• _Activity_: Within the entries below, the lines from the one with "Staffa per curve" through the one with "160 Ross' Gans" are to be set down exactly, both ends kept.

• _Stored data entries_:
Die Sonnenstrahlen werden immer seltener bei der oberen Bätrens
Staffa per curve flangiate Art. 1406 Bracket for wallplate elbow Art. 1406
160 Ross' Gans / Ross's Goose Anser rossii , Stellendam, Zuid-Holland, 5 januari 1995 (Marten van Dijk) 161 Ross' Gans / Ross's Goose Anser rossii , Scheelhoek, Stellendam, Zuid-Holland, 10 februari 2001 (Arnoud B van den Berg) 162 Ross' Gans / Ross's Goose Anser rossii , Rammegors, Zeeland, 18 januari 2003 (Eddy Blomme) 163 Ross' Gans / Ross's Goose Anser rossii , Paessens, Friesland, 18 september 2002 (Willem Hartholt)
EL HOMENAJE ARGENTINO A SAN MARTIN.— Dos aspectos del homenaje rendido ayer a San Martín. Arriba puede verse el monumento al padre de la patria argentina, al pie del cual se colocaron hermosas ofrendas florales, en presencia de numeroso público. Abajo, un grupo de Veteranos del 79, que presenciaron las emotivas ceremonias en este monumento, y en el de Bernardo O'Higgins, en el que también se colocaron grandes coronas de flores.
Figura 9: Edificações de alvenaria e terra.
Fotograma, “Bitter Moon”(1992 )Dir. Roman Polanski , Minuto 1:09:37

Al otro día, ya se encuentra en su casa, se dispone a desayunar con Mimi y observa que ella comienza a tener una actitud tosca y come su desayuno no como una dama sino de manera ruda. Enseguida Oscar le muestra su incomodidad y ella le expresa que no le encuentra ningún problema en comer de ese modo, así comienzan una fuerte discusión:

--

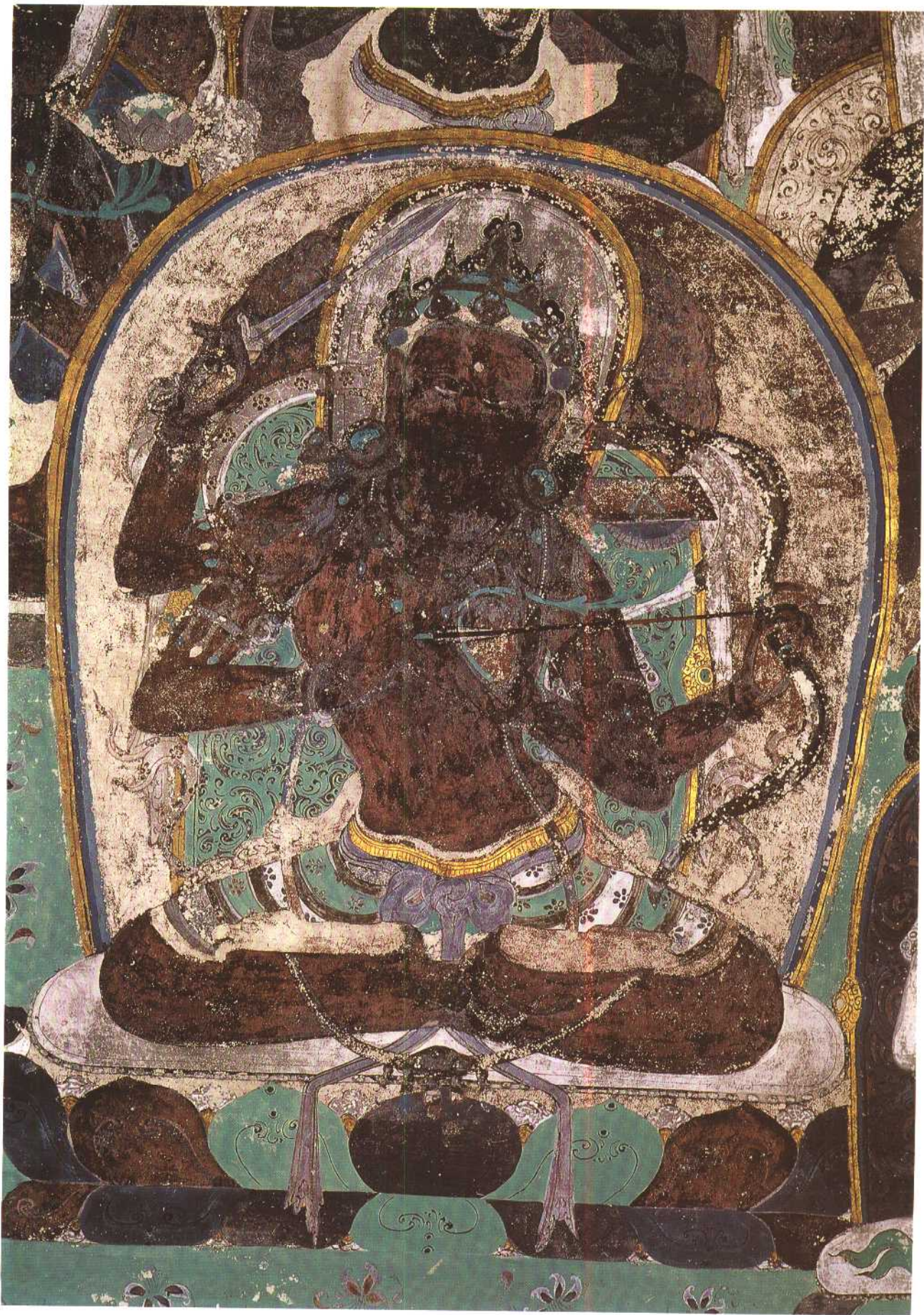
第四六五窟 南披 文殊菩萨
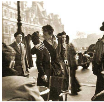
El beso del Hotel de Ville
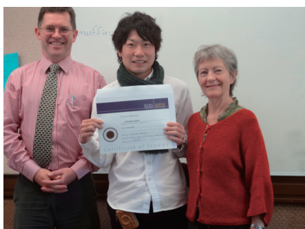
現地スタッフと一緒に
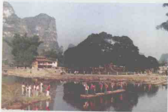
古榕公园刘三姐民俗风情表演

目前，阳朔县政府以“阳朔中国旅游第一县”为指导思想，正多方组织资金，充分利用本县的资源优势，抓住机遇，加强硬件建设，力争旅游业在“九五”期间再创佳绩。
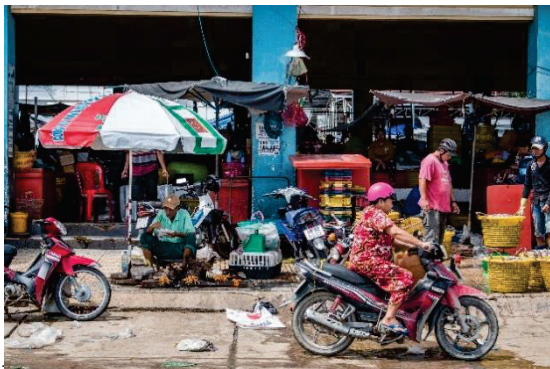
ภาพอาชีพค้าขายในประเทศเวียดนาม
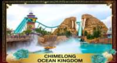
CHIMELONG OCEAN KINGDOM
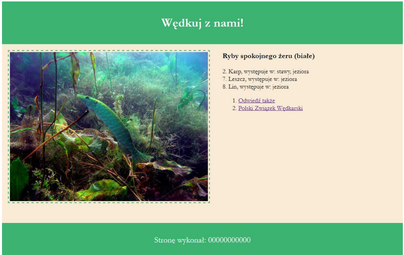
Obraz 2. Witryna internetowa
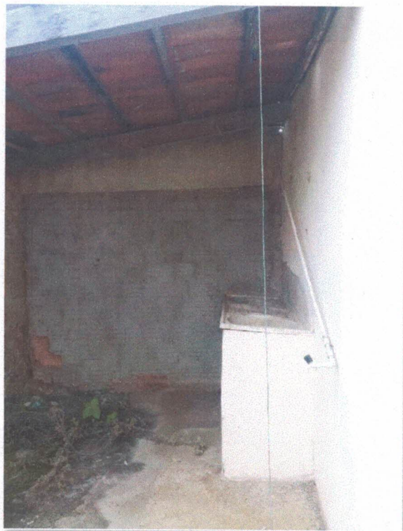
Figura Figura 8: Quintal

• _Written solution_:
Staffa per curve flangiate Art. 1406 Bracket for wallplate elbow Art. 1406
160 Ross' Gans / Ross's Goose Anser rossii , Stellendam, Zuid-Holland, 5 januari 1995 (Marten van Dijk) 161 Ross' Gans / Ross's Goose Anser rossii , Scheelhoek, Stellendam, Zuid-Holland, 10 februari 2001 (Arnoud B van den Berg) 162 Ross' Gans / Ross's Goose Anser rossii , Rammegors, Zeeland, 18 januari 2003 (Eddy Blomme) 163 Ross' Gans / Ross's Goose Anser rossii , Paessens, Friesland, 18 september 2002 (Willem Hartholt)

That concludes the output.